Council adopts tax rate, budget, JB Wells agreement


Gonzales City Council took care of three pressing items of business Thursday night when they adopted the new budget and tax rate for the upcoming fiscal year and approved an agreement with Gonzales Economic Development Corporation to help settle a lawsuit over the J.B. Wells estate.

Council members voted 3-0 to adopt a tax rate of 32.52 cents per $100 valuation ($0.3252), which is the same as the voter-approval tax rate, or the highest tax rate that the city may adopt without holding an election to seek voter approval of the rate.

Citizens may attend the public hearing to voice their support or opposition to the proposed rate as well as the proposed $31.6 million budget 

While the new tax rate is larger than the no-new-revenue tax rate of 30.94 cents — the tax rate for the 2021 tax year that will raise the same amount of property tax revenue from the same properties in both the 2020 tax year and the 2021 tax year — it is actually a decrease of 2.59 cents from last year’s tax rate of 35.11 cents per $100 valuation, or a decrease of 7.38 percent in the total tax rate.
The new rate is expected to increase the total tax revenues from properties on the tax roll in the preceding year by 5.39% or $88,200, bringing the total tax levy on all properties to $1,723,815. Of that amount, $8,176 is tax revenue to be raised from new property added to the tax roll this year.

The average homestead taxable value increased from $117,233 in 2020 to $127,106 this year, an increase of $9,873, or 8.42 percent. The tax on the average homestead will increase from $411.61 to $413.35, an increase of just $1.74 or 0.42 percent.

The newly adopted 2021-22 budget of $31,606,346 includes $10,484,603 in general fund expenditures, including JB Wells Park, as well as $10,989,032 in the electric fund and $3,098,509 in the wastewater fund. Other fund expenditures being proposed include $1,913,509 in water fund; $1,989,913 in the economic development fund; $1,247,700 in debt service fund-governmental fund; $734,627 in the solid waste fund; $581,480 in a restricted use fund; $537,900 in capital projects-business; and $28,075 in capital projects-governmental. Total revenues being proposed are $28,551,914.

Council members also voted 3-0 to adopt an economic development funding agreement with the GEDC to help pay off the $1.825 million settlement of a lawsuit filed by the Austin Presbyterian Theological Seminary over the J.B. Wells Park.

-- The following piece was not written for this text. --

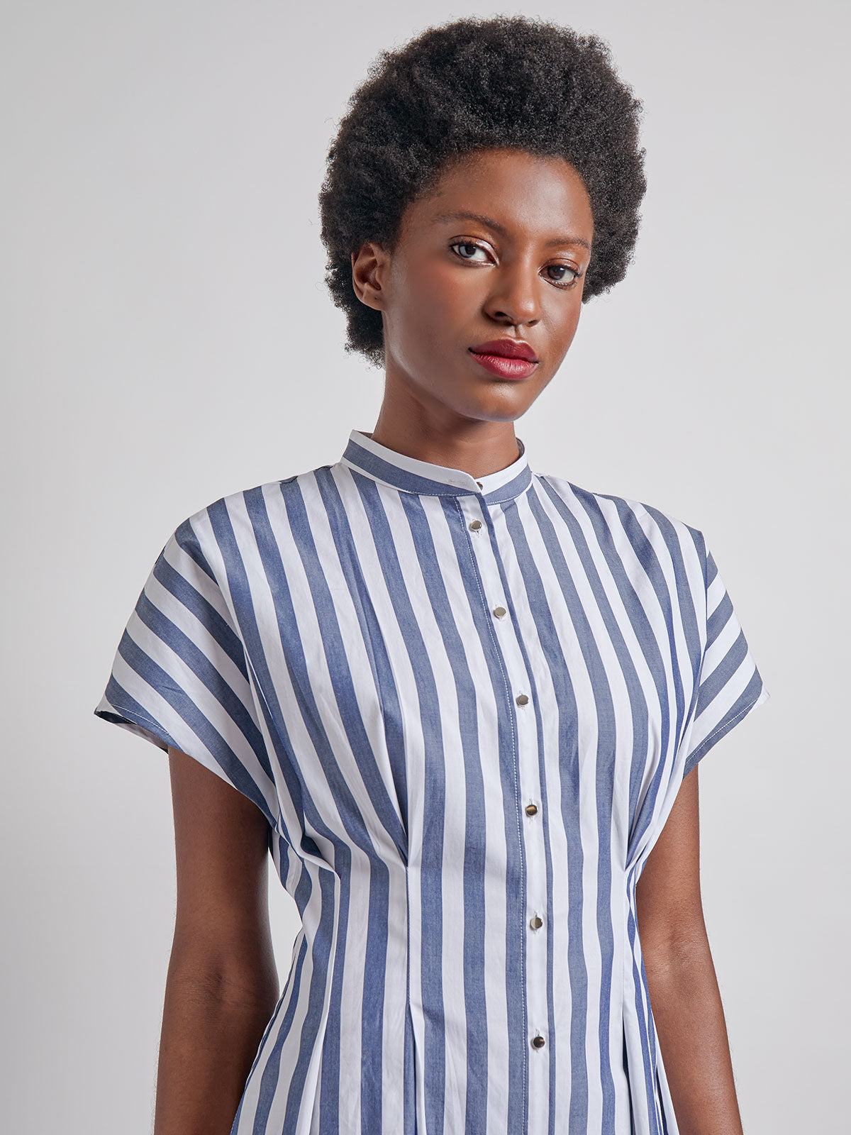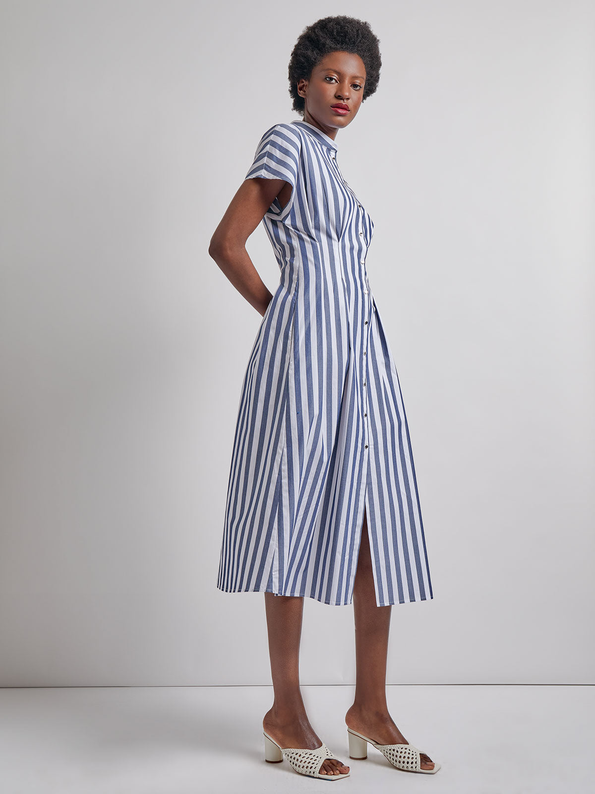 A symphony of grace and sophistication, our Maxi Fit & Flare Button Front Dress is crafted from crisp and durable cotton for a polished look. The dress boasts a flattering fit & flare silhouette that exudes timeless elegance. The stand neck collar and button front closure add a touch of refined allure, while the drop shoulder short sleeves evoke a sense of understated chic. Delicate pleats adorn the dress, adding depth and movement to its graceful silhouette. Effortlessly transition from day to night with this versatile piece, embracing its refined charm that captivates attention at any occasion, showcasing the epitome of feminine grace and enduring style. 100% Cotton; Unlined Hand Wash in Cold Water; Do Not Bleach Fit & Flare Silhouette; Women’s XS Dress Length is 48″ Drop Shoulder Short Sleeves (14″ from Center Back) Woven Cotton Maxi Dress Stand

The agreement takes effect Sept. 15.

The seminary sued the City of Gonzales in 2017 over the estate of J.B. Wells Jr., whose last will included a reversionary interest in favor of the seminary in the real property that now makes up the city’s J.B. Wells Park, Expo and Arena.

This past June, after four years of battling in court, the two sides reached a settlement agreement of $1.825 million, which avoids more legal fees and gives the city all of the seminary’s interest in the land. The city had already racked up more than $500,000 in costs defending itself in the lawsuit.

The Gonzales County Court approved the settlement agreement in July after the city authorized issuance of 20-year general obligation refunding bonds as allowed by the Texas Government Code to pay for the settlement.

Annually levied ad valorem taxes will be used to pay back the settlement amount generated by the sale of the bonds. By issuing general obligation bonds, the city is not required to post a legal notice nor solicit voter approval.

In an effort to lessen the impact the settlement will have on the city, officials reached out to GEDC to ask them to help pay for half the cost, or $912,500. The city was facing an Oct. 10 deadline to pay the settlement in full.

During a joint meeting with the council, GEDC agreed to provide the $912,500 to the city, but spread out over the course of the 20-year bond period, which represents about $61,700 per year.

By making the payments annually instead of in one lump sum, GEDC is able to absorb the cost through its sales tax collection instead of running down its reserves and thus can continue to use its reserve funds to recruit and retain business in Gonzales. GEDC collects a half-percent of sales tax revenue in the city for its funding.

While GEDC is helping the city pay back the settlement, it is not a party to the bond, nor will it receive any interest in the J.B. Wells Park complex.

The J.B. Wells Park, Expo and Arena was appraised at $7.349 million by the Gonzales Central Appraisal District, and $11.3 million by Bolton Real Estate, according to case filings.